# Forum in English  > Offtopic  > Offtopic  >  iTunes Silences Hymn for Thwarting DRM

## wise-wistful

Under Apple's legal threat, Hymn yanks its tool that frees iTunes from FairPlay restrictions.
Apple has fired a cease and desist order against the developers behind the open-source Hymn Project.
Hymn develops software that strips Apple's FairPlay digital rights management (DRM) technology from user's iTunes purchases, allowing music fans to play their music on devices other than those from Apple.
iTunes customers can legitimately lose FairPlay DRM in order to play their music on other devices by burning a CD of their songs, and ripping that CD into a different format.

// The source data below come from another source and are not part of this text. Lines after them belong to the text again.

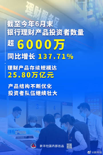 【#权威快报#|#银行理财产品投资者数量超6000万#】银行理财产品是不少人打理自己“钱袋子”的重要选择。银行业理财登记托管中心13日发布的报告显示,截至今年6月末,持有理财产品的投资者数量达6137.73万个,同比增长137.71%。其中个人投资者6114.09万人,较年初增加1965.99万人。上半年,理财产品累计
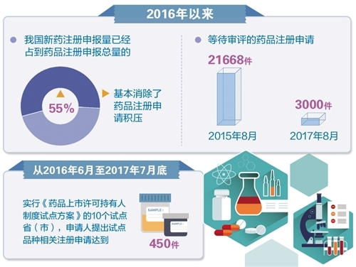 2016年以來,我國新藥注冊(cè)申報(bào)量已經(jīng)占到藥品注冊(cè)申報(bào)總量的55%,基本消除了藥品注冊(cè)申請(qǐng)積壓,等待審評(píng)的藥品注冊(cè)申請(qǐng)已由2015年8月份的21668件降至2017年8月份的3000件??股睾鸵呙缗R床試驗(yàn)申請(qǐng)、中藥民族藥注冊(cè)申請(qǐng)也已實(shí)現(xiàn)按時(shí)限審評(píng)。
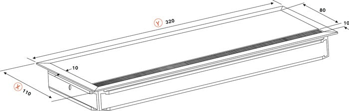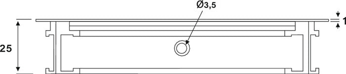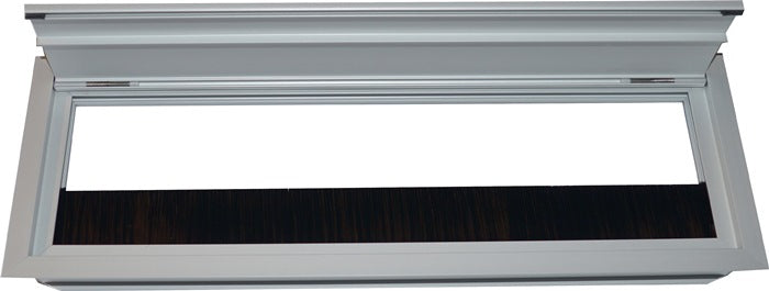 avec couvercle à charnière droit · joint à brosse noir · hauteur 25mm · aluminium anodisé argent · dimensions de fraisage 103 x 313 mm
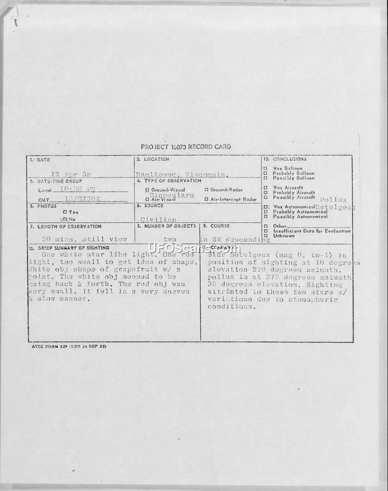 This document details a UFO sighting investigation conducted by the Air Technical Intelligence Center (ATIC) and the 1006th Air Intelligence Service Squadron regarding an incident on April 12, 1958, in Manitowoc, Wisconsin. Two nuns at the Holy Family Convent reported observing two unidentified flying objects. The witnesses described the objects as red, circular, and grapefruit-sized, exhibiting erratic movements including hovering, bouncing, and changing colors. The witnesses were interviewed by the local Civil Air Patrol and later by Air Force personnel. The investigation was handled with sensitivity due to the witnesses' reluctance to face public scrutiny and the Air Force's concern that the incident might be exploited by 'flying saucer' proponents. Major Ralph N. Albright of Detachment 7, 1006th AISS, conducted the interviews and compiled the data. The official conclusion reached by the Air Force was that the sightings were misidentifications of the stars Betelgeuse and Pollux, with apparent movement and color changes attributed to atmospheric conditions and potential confusion with surface lights. The file includes the original Project 10073 record card, official correspondence between ATIC and the 1006th AISS, transcripts of interviews with the witnesses, and technical information sheets completed by the observers.

Hymn has complied with Apple's legal letter, removing download links to its software from its website and warning forum users not to post links to alternate download sources within its forums, or risk a ban.

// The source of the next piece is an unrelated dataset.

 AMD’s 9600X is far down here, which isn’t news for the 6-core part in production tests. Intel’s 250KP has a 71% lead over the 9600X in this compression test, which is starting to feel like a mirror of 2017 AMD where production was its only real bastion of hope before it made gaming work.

The Hymn forum moderator wrote: "In no way has this site ever promoted piracy. Those of you who've attempted to discuss such topics know that we take a very heavy handed approach. This was partly to protect us but also because we feel that artists should be compensated for their work. We truly believe that people should be able to free the music they've legally purchased from the shackles of DRM. So, we've attempted through the years to keep a balance of fair use.
"We've complied with the cease and desist and removed all DRM breaking software from the site. But they can't force us to purchase DRM'd music from their store," he added.
PC World

----------